The above graph focuses on what might be Ground Zero of the foreclosure crisis, Southern California's Inland Empire, the Riverside-San Bernardino-Ontario Metropolitan Statistical Area. It shows billions of dollars of new mortgages originated for Conventional Purchases of of housing (Table 4-2) from 1999-2006. It doesn't include many other types of loans such as FHA, nor does it include refinancing. Further, to simplify things, I've left off Asian, blacks, and other minorities, mixed couples, and mortgages where race is unknown.

As overly-simplifed as it is, it still gives an informative overall picture of what went on in the Inland Empire that first drove prices through the roof and then back down again: a giant surge of lending to Hispanics, followed by a sobering up that no doubt accelerated in 2008.

The most obvious fact is that new mortgage dollars flowing to Hispanics in this sprawling California region increased an astonishing 2,704% from $0.5 billion in 1999 to $13.4 billion in 2006. Is there a word in the English language for that? We have words like doubling, tripling, quadrupling, but I've never heard of a 28-tupling.

In contrast, the non-Hispanic white borrowing over 1999-2006 was up 217% (a tripling). To be fair, white borrowing from 1999 to the white peak in 2005 was up 306% (a quadrupling). By the way black borrowing was from 1999-2006 was up 1,179% and Asians borrowing perhaps even more.

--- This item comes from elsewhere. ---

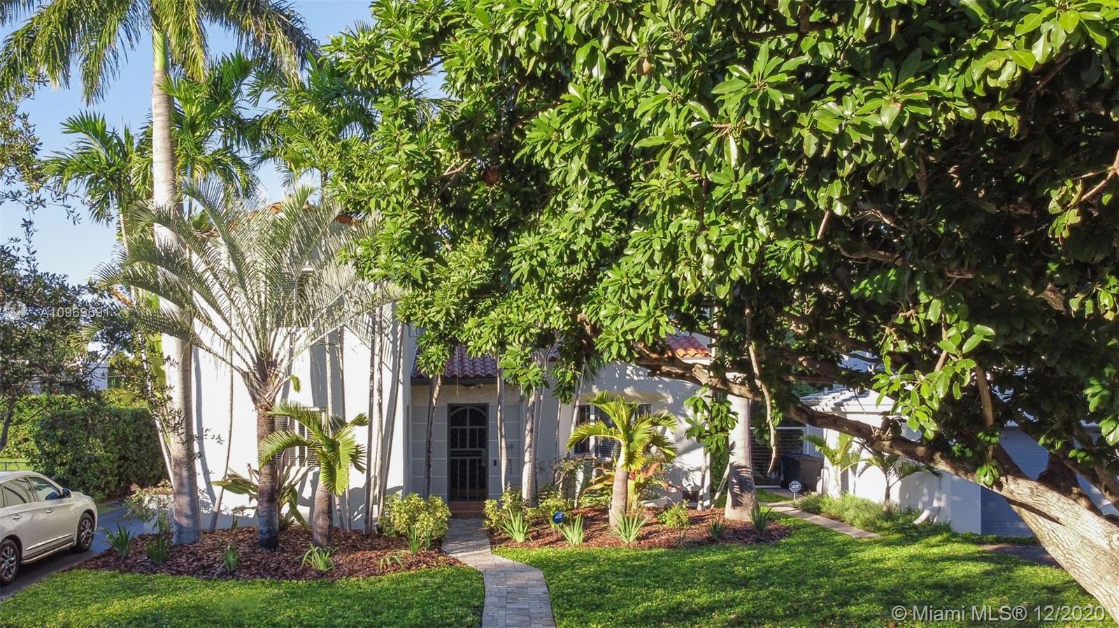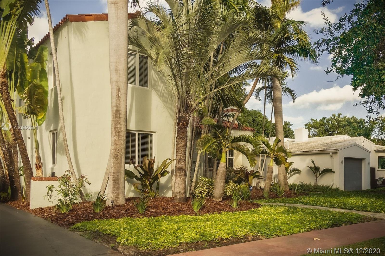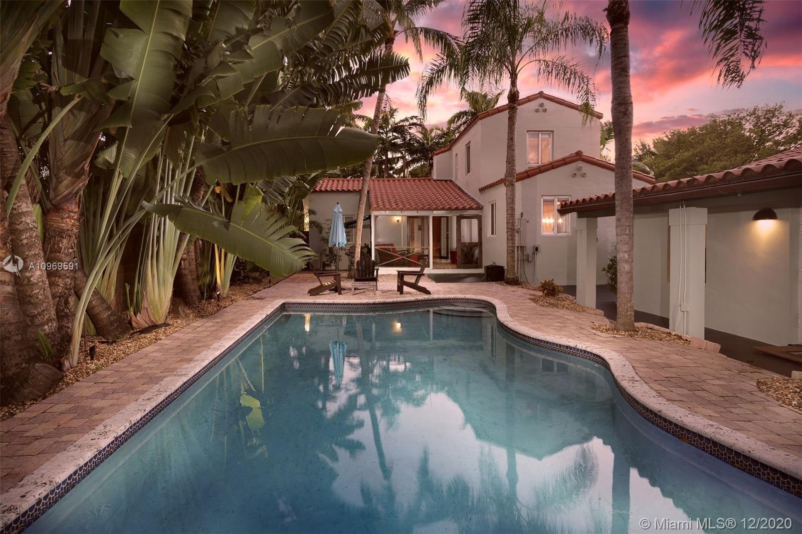 Beautifully updated Miami Beach Mediterranean pool home with guest house. Located on a quiet, tree-lined street, meticulously maintained & updated, the main house features vaulted ceiling with wood burning fireplace, wood floors, beautifully updated kitchen/dining room, powder room & bedroom suite. Upstairs features two bedrooms and one bath. French doors in Living room and Dining room lead to screened-in patio over looking the pool. Impact windows throughout. Natural Gas. Resort-like backyard- with mosquito control system- is landscaped with variety of palms & tropical plants, surrounding custom designed heated pool. Detached guesthouse includes 1BR/1BA cottage & studio. 20min walk/8min bike to beach. 2 blocks to Ritz Carlton residences. Walking distance to houses of worship.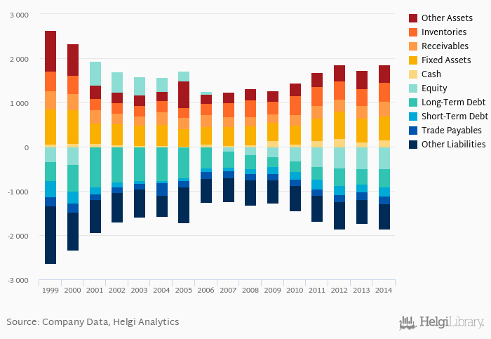 Net debt against equity is down 0.085 pp from five years ago (1.03). The ratio against EBITDA increased from 1.82x seen in 2009 to 2.64x.

To put the 1999 to 2006 change in perspective, conventional purchases mortgage dollars handed out in the Inland Empire in 2006 to Pacific Islanders (Samoans and the like) were virtually as the same as 1999 lending to the huge Hispanic community ($0.489 billion for Pacific Islanders in 2006 versus $0.496 billion for Hispanics in 1999).

In 2007, Hispanic borrowing crashed back down to $4.8 billion in 2007 as financial institutions finally started to worry about loan quality. In the Inland Empire in 1999, Hispanics received only 15% as much conventional purchase mortgage money as non-Hispanic whites did. By 2006, they received 128% as much.

Clearly, there was a mortgage bubble among non-Hispanic whites, too, but borrowing peaked earlier in 2004-2005 and has declined in a more orderly fashion. In contrast, the Latino bubble peaked in 2005-2006 and then started to collapse in 2007. (In 2007, Hispanic borrowing was back down to 75% of white borrowing.)

If you look at all minorities, the non-Hispanic white share of conventional purchase mortgage dollars in the Inland Empire fell from 73% in 1999 to 35% in 2006.

Keep in mind that the Bush Administration was actively promoting riskier lending to minorities, such as by calling for the elimination of down payment requirements.